DATA SUPPLIED -
--- --- ---

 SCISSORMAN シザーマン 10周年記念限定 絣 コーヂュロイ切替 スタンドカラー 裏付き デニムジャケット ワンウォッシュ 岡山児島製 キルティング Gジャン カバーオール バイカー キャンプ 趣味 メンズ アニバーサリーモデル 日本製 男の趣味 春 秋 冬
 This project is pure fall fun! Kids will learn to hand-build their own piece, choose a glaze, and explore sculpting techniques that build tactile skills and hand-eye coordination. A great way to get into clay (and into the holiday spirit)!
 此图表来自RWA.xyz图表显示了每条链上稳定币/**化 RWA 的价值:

--- --- ---

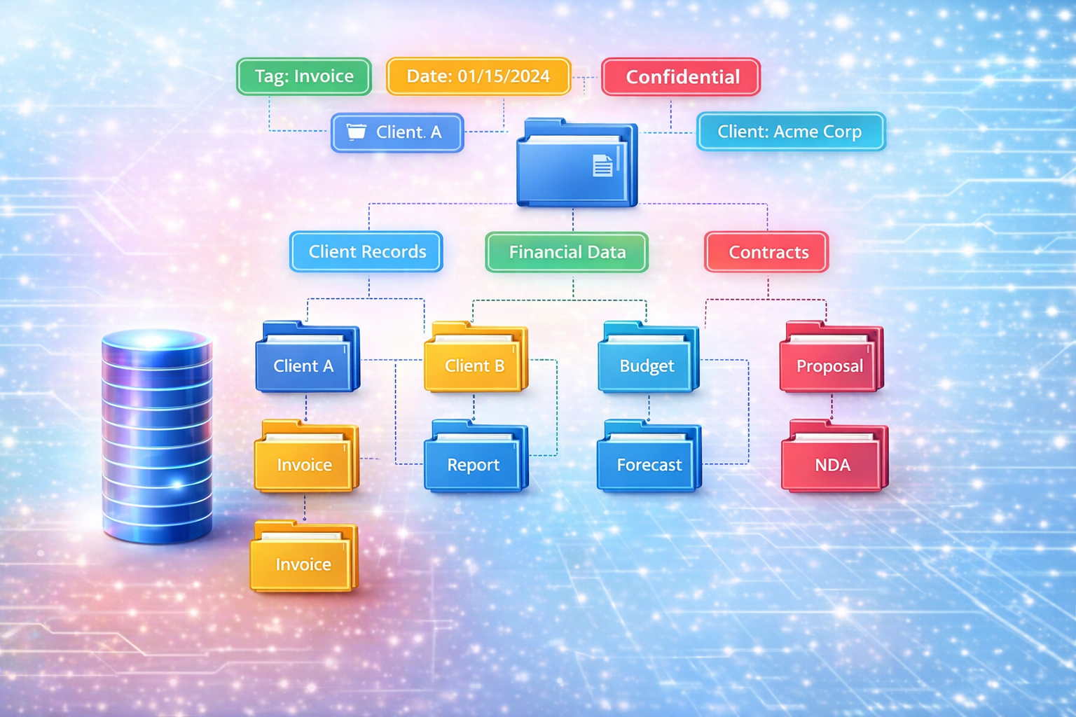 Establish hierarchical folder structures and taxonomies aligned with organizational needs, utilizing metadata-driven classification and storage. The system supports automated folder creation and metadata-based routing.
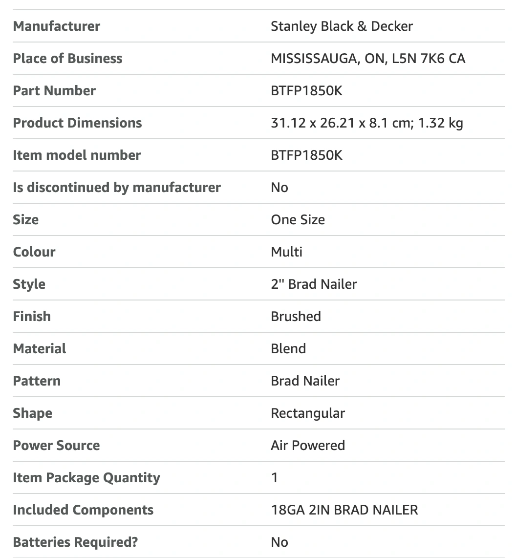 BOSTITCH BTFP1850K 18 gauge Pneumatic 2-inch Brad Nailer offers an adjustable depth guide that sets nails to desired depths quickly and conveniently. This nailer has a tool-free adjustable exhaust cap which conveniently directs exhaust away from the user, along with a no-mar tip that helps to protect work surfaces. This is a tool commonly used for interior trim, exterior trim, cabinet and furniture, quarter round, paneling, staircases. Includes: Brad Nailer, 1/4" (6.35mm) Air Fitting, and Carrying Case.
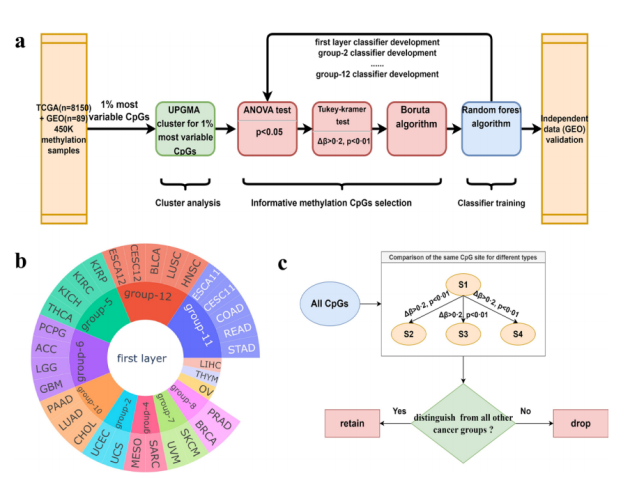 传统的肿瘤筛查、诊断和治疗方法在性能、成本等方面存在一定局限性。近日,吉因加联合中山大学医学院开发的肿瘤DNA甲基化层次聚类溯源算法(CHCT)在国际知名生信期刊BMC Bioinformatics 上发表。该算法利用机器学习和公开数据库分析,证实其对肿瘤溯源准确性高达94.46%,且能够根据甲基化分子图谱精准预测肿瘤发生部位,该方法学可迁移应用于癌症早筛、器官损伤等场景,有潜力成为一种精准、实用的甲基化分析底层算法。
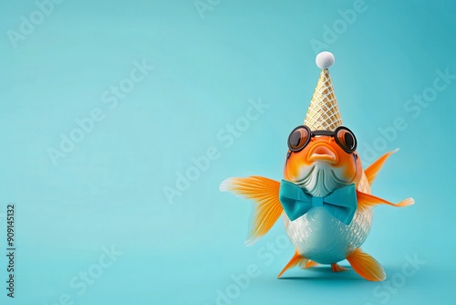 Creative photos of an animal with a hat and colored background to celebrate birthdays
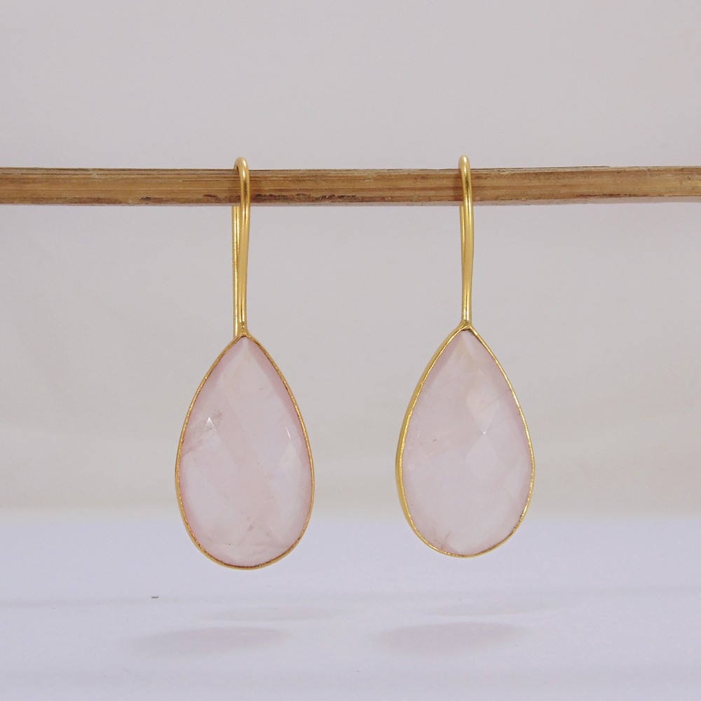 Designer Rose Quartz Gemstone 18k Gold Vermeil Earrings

--- --- ---

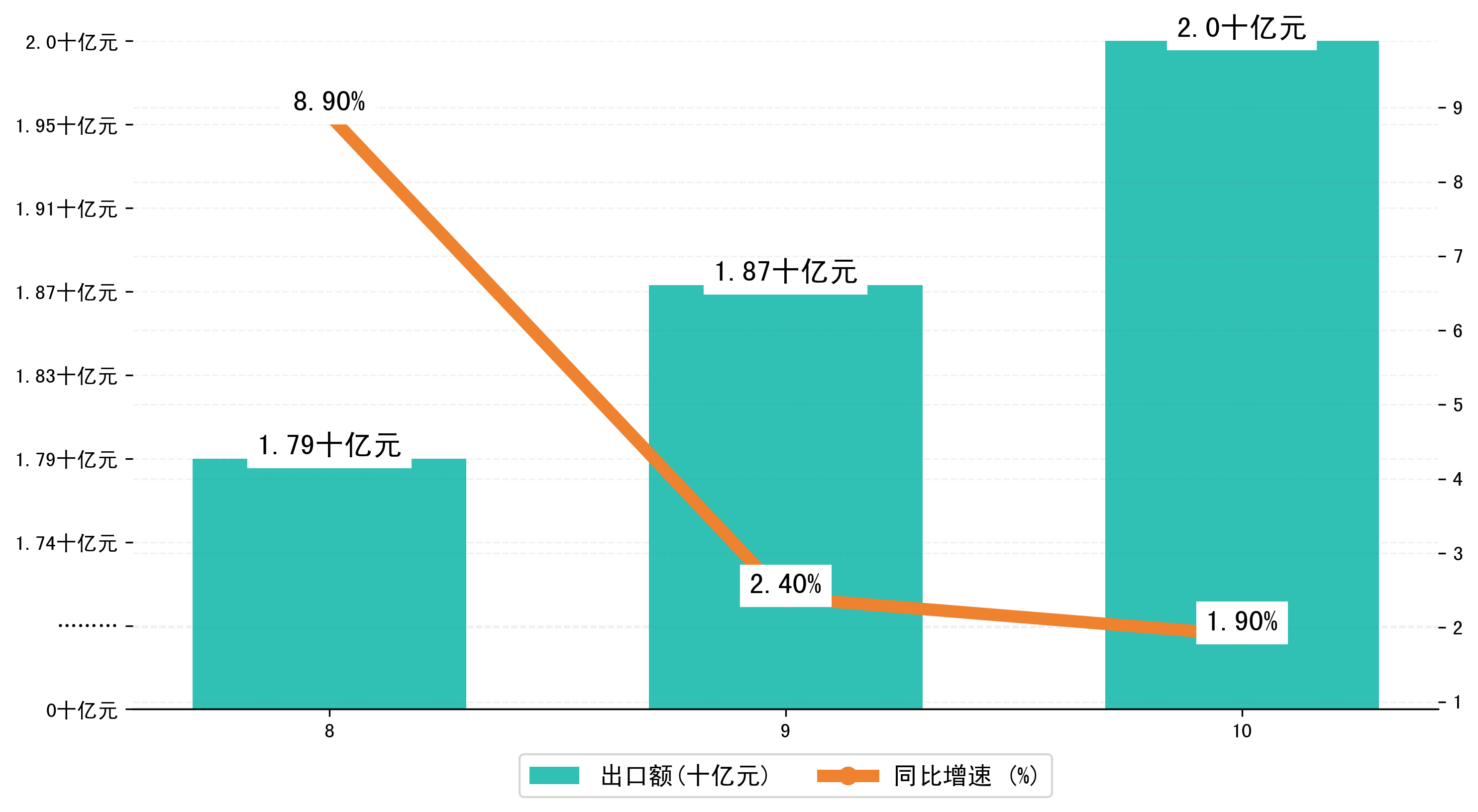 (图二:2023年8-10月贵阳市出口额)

--- --- ---

TASK TO CARRY OUT - Look above for the line with "BOSTITCH BTFP1850K 18"; quote it and every line after it, stopping after the line with "Designer Rose Quartz", exactly, with nothing added and without pictures.

OUTPUT BELOW -
 BOSTITCH BTFP1850K 18 gauge Pneumatic 2-inch Brad Nailer offers an adjustable depth guide that sets nails to desired depths quickly and conveniently. This nailer has a tool-free adjustable exhaust cap which conveniently directs exhaust away from the user, along with a no-mar tip that helps to protect work surfaces. This is a tool commonly used for interior trim, exterior trim, cabinet and furniture, quarter round, paneling, staircases. Includes: Brad Nailer, 1/4" (6.35mm) Air Fitting, and Carrying Case.
 传统的肿瘤筛查、诊断和治疗方法在性能、成本等方面存在一定局限性。近日,吉因加联合中山大学医学院开发的肿瘤DNA甲基化层次聚类溯源算法(CHCT)在国际知名生信期刊BMC Bioinformatics 上发表。该算法利用机器学习和公开数据库分析,证实其对肿瘤溯源准确性高达94.46%,且能够根据甲基化分子图谱精准预测肿瘤发生部位,该方法学可迁移应用于癌症早筛、器官损伤等场景,有潜力成为一种精准、实用的甲基化分析底层算法。
 Creative photos of an animal with a hat and colored background to celebrate birthdays
 Designer Rose Quartz Gemstone 18k Gold Vermeil Earrings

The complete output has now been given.